Currently, the Netherlands levies withholding tax on dividend and profit distributions by Dutch entities or by other Netherlandsresident entities at a rate of 15%. On 18 September 2018 the Dutch government presented the 2019 Budget which included the proposal to abolish the Dutch dividend withholding tax. This proposal was heavily debated in Dutch Parliament and ultimately government withdrew the proposal. However, since April 2018 the Dutch Dividend Withholding Tax Act contains an expanded dividend withholding tax exemption for dividends distributed by Dutch entities to foreign entities if the following conditions have been met:

  1. The recipient of the dividend is a resident of:
    – a Member State of the EU;
    – a Member State of the European Economic Area; or
    – a country that has concluded a tax treaty with the Netherlands which includes a provision on dividends;
  2. The recipient would have been entitled to the participation exemption had it been a resident of the Netherlands (generally this means that the recipient or one of its related entities holds 5% or more of the nominal paid-up share capital of the dividend-paying Dutch entity);
  3. The activities of the recipient are not similar to those of an Exempt Investment Institution;
  4. The interest in the dividend-paying entity is not held with the main purpose, or one of the main purposes, to avoid Dutch dividend withholding tax (subjective test) or the arrangement is not considered to be artificial (objective test).The objective test should be assessed based on the substance of the recipient of the dividend (i.e., if the minimum substance requirements are met).

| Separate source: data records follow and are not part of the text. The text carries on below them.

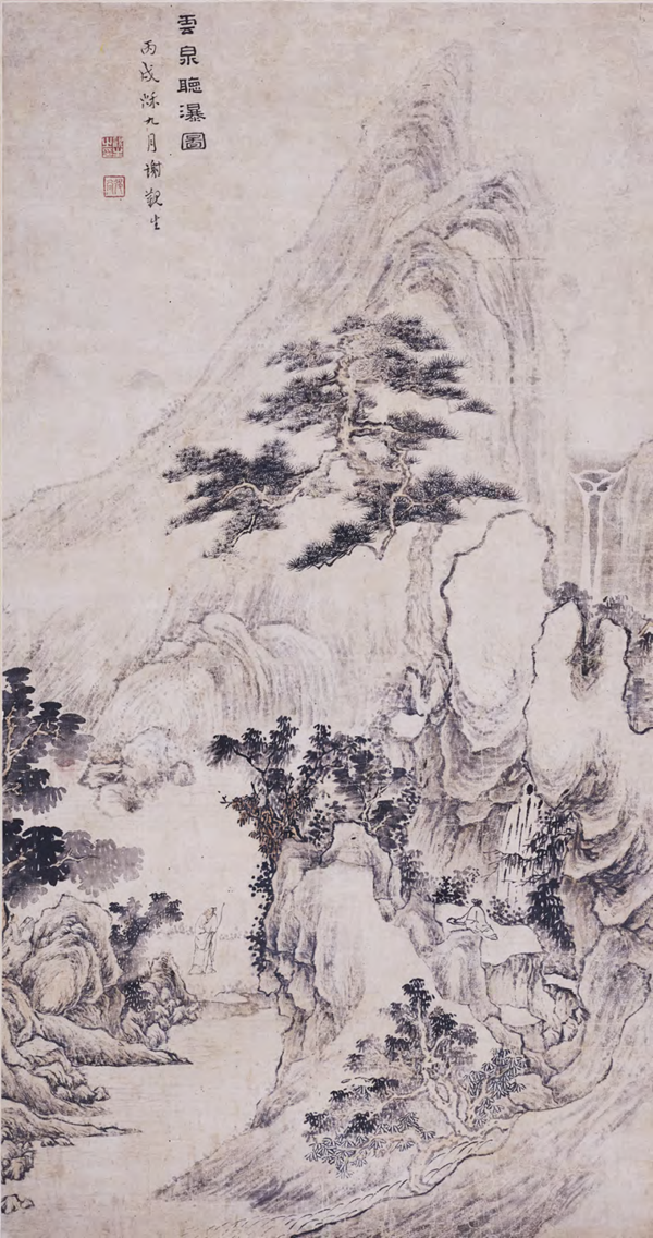 《云泉听瀑图轴》谢观生 绘
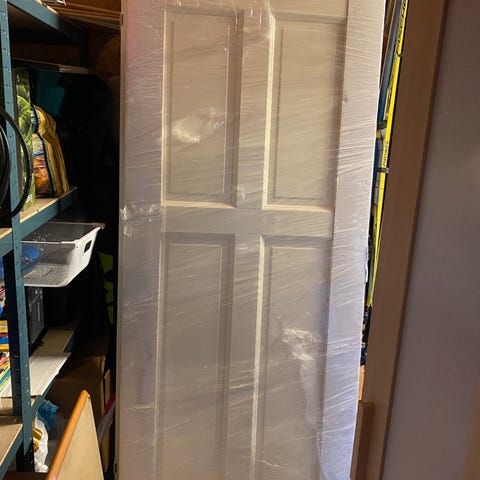 Hvit innerdør med standard dørhåndtak, 83x104 cm dørblad. Døren er enkel i design og egnet for innendørs bruk.
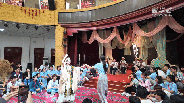 这是一场与传统的相遇。在十二木卡姆的故乡,学生们随着“音乐活化石”的律动打起节拍;漫步莎车县喀赞其老街,绘制漆扇、打起陀螺、街头欢舞,古老的律动与青春的欢笑交响;走进克州玛纳斯史诗大剧院,沉浸式欣赏柯尔克孜族世代传诵的英雄史诗,感受中华民族优秀传统文化传承。
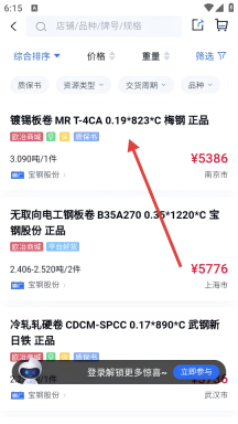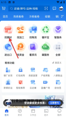 1、在首页点击【找钢材】选项,进入钢材商品列表页面,从而启动钢材采购的筛选流程。

Please note that, in line with the proposed CWHT, these substance requirements no longer will function as a safe-harbour and the tax authorities can thus still demonstrate the structure is abusive. Vice versa, if the recipient of the dividend does not meet the substance requirements, both the payer and the recipient of the dividend may still demonstrate that there is no tax abuse by demonstrating that either the subjective or the objective test is not met. Furthermore, as a result of the aforementioned amendments in the anti-abuse provision in the Dutch Dividend Withholding Tax Act, the linking function of intermediary holding companies is no longer required for a structure not to be considered abusive. This means that also if there is no linking function, the taxpayer can still demonstrate the structure is not abusive and the dividend withholding tax exemption is applicable; and
  5. The recipient of the dividend has to be the beneficial owner of the dividend. The purpose of the anti-abuse rule of condition 4 is to make a distinction between so-called (operational) business structures, that should qualify for the dividend withholding tax exemption and so called (passive) investment structures, that should not qualify for the dividend withholding tax exemption. Important to note is that existing ATRs confirming the application of the dividend withholding tax exemption will not be cancelled. However, the Dutch tax authorities could review the ATR and cancel the ATR in the event the authorities are of the view that there is abuse. The ATR will remain valid until expressly cancelled.